[Start of Attachment]
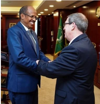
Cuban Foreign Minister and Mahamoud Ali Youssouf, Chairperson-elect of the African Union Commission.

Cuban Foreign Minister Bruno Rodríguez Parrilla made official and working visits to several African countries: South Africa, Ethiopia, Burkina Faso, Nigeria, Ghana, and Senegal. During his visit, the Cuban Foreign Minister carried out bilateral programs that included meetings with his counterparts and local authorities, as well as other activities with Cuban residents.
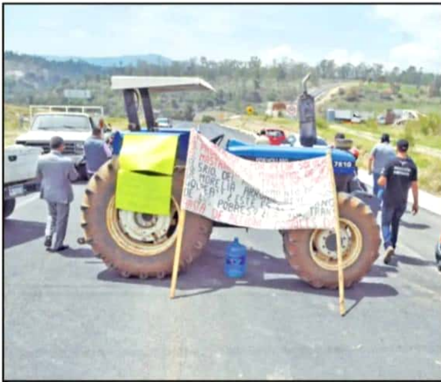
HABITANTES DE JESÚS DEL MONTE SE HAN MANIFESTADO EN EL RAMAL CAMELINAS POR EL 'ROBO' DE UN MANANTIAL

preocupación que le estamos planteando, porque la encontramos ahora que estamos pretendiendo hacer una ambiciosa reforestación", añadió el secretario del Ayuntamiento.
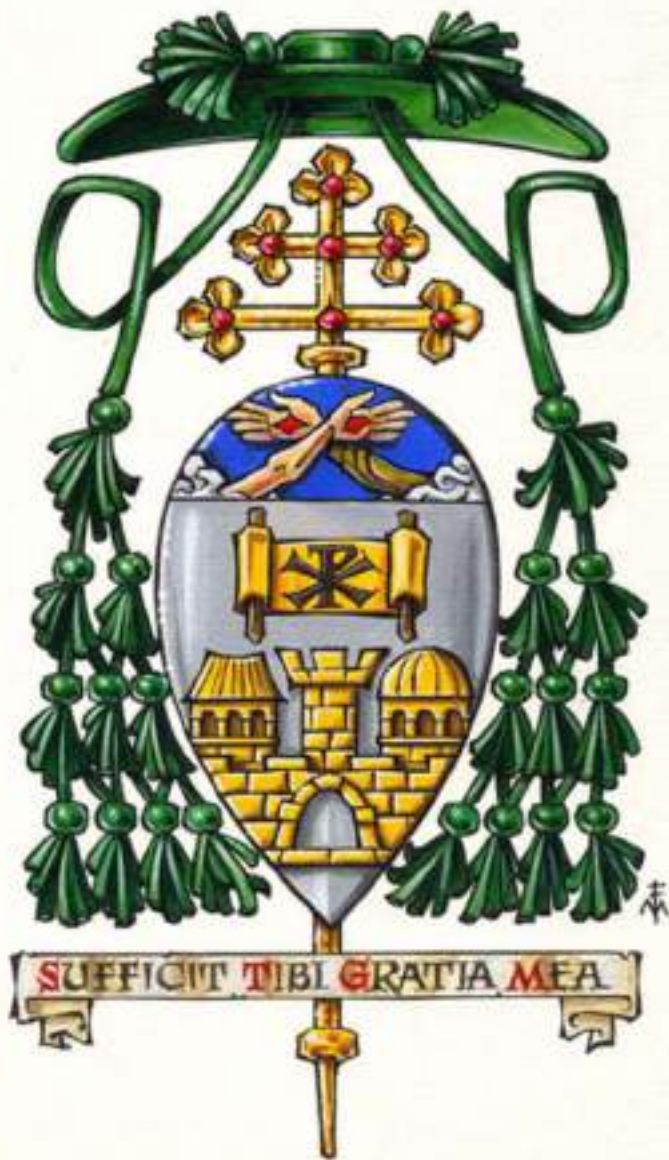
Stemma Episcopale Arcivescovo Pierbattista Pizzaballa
[End of Attachment]
▸ **DIRECTIONS**: Locate all lines in the listing above with the word "Cuban" and copy them.

▸ **RESULT FOR THIS EXERCISE**:
Cuban Foreign Minister and Mahamoud Ali Youssouf, Chairperson-elect of the African Union Commission.
Cuban Foreign Minister Bruno Rodríguez Parrilla made official and working visits to several African countries: South Africa, Ethiopia, Burkina Faso, Nigeria, Ghana, and Senegal. During his visit, the Cuban Foreign Minister carried out bilateral programs that included meetings with his counterparts and local authorities, as well as other activities with Cuban residents.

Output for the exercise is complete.